Get motivated, bring back HE

17th December 2010, 12:00am

Share

Get motivated, bring back HE

https://www.tes.com/magazine/archive/get-motivated-bring-back-he

My favourite subject as a pupil was home economics. I enjoyed it because it was different from other subjects that usually involved being stuck behind desks and listening passively to teachers. It offered active and experiential learning at a time when the prevailing pedagogy was didactic teaching, rote learning and bums on seats.

My class was also an interesting experiment at a time, not that long ago, when home economics was a means of preparing girls for home-making duties. Boys were timetabled, instead, for lessons in woodwork and metalwork.

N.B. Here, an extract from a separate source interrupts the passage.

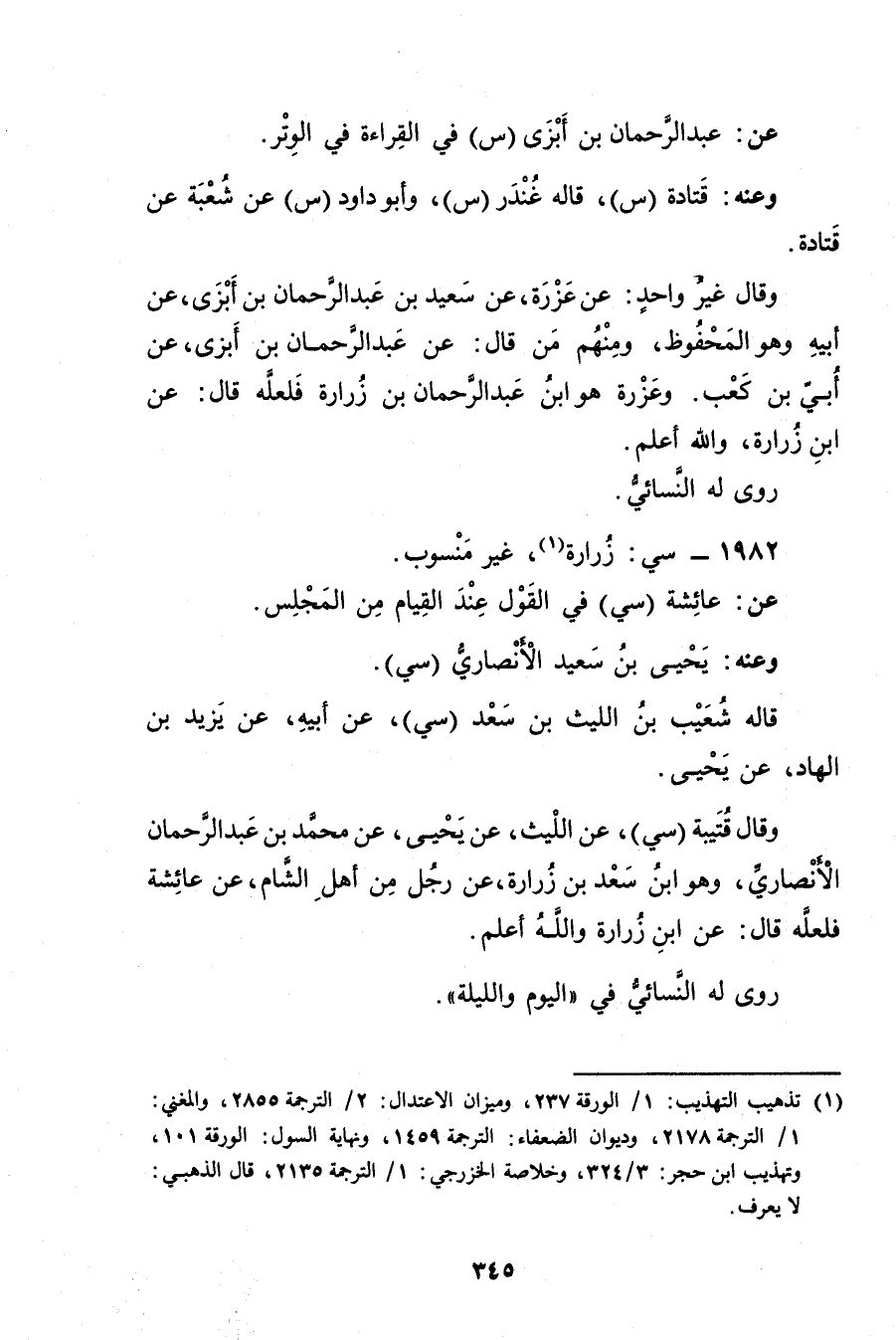 (1) تذهيب التهذيب: 1 / الورقة 237، وميزان الاعتدال: 2 / الترجمة 2855، والمغني: 1 / الترجمة 2178، وديوان الضعفاء: الترجمة 1459، ونهاية السول: الورقة 101، وتهذيب ابن حجر: 3 / 324، وخلاصة الخزرجي: 1 / الترجمة 2135، قال الذهبي: لا يعرف.

So, I was part of a class of trail-blazers: young boys breaking through the glass kitchen ceiling, or door, actually, to shatter the outdated idea that preparing food, using fabrics and managing budgets were only for girls. We embraced the whole idea of gender equality and the opportunity to make cakes and wash our football tops.

Home economics was popular because it offered a tangible return on our endeavours, yielding cakes, fabric bookmarks and other concrete end products (my overcooked scones, for example). And, at the end of the course, we received a certificate for successfully acquiring various skills, including not setting anything on fire.

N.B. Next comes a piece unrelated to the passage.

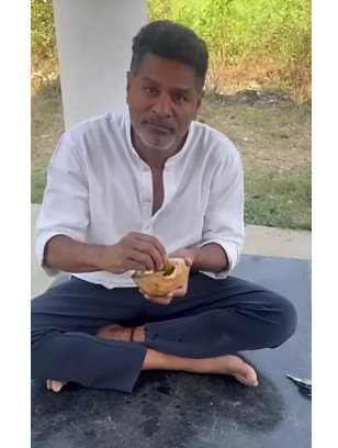 In the video, Prabhu Deva is seen sitting on the floor with his legs crossed at the entrance of a modest village home. He is dressed in a simple white kurta and dark pants and is seen enjoying a fresh coconut.

Home economics has continued to improve and develop into one of our most sophisticated disciplines, involving highly- relevant lessons on nutrition, fabrics and the management of family budgets, with useful connections to maths, science, enterprise and health and well-being. It develops key skills through topics that really matter.

It has also highlighted, better than most subjects, ways in which pupils can become more active problem solvers and has shown that learning through doing is often the most effective form of learning.

Some teachers are taking the subject into new areas with investigations and debate on controversial issues, such as the horrible mistreatment of chickens and other animals to provide us with cheap food.

Environmental issues, such as the impact of “food miles” on carbon emissions, are also becoming popular topics.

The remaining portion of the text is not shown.